夢手帳とソフトウェア工学

2004年末の夢手帳☆熊谷式の売り上げはなかなかすごかったみたいです。一部が12,000円でバインダーは別途用意しないといけないという高価なリフィルだったにもかかわらず、能率協会のシステム手帳部門では一位の売り上げだったそうです。この夢手帳と似たようなアイデアのものとしてはフランクリン・プランナーがありますが、両者とも手帳に時間管理や人脈管理の機能だけでなく長期目標や生活態度を管理するための機能を持たせたものです。

どちらも人生の夢や哲学、行動指針、十年単位の長期目標を自分で決定し、手帳に書き込み、毎日の仕事や生活の中でそれを見返すことによって再確認と軌道修正を行なうというような考え方なのですが、これはソフトウェア工学の世界ではウォーターフォール・モデルに相当するような気がします。まずクライアントとの打ち合わせで必要な機能を洗い出し、仕様を決定し、開発、テスト&バグ取り、運用、というステップをひとつずつ順番にこなしていくもので、もし途中で問題が発覚したときにはひとつ前のステップに戻って修正を行なうというものです。ソフトウェア製品を作るのに十分な時間がかけられた時代にはそれが理想的な方法でした。

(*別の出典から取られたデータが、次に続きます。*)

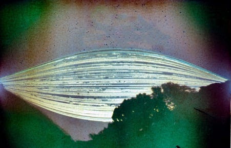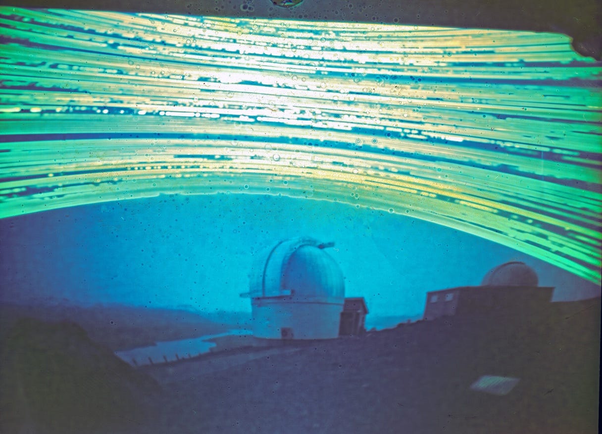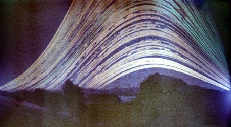 This image is in fact a solargraph. The pinhole camera’s curved focal plane contained photosensitive photographic paper which was chemically darkened by sunlight during the long exposure. This formed a negative image which was scanned on a digital scanner.

ところが変化の速い時代には、開発やテストの最中にクライアントの要望がどんどん変化し、仕様変更を何度も行なう必要が出てしまうことが多くなってきました。そのために近年になって注目されてきたのがXPやアジャイルという考え方のようです。仕様決定および修正/開発/テスト/アルファ版試用を数日〜数週間という短いスパンで繰り返し行なうことにより、クライアントからの新しい要求に即座に答えられるようにしようという考えです。

そういった短いスパンで目標の軌道修正を繰り返す考え方を取り入れた手帳は、見たことがありません。あえて言えば時間管理に関してはタイム・システムの手帳がそれっぽいかもしれません。ここらへんが、夢手帳に続くヒット手帳を生み出すカギになるかもしれませんよ。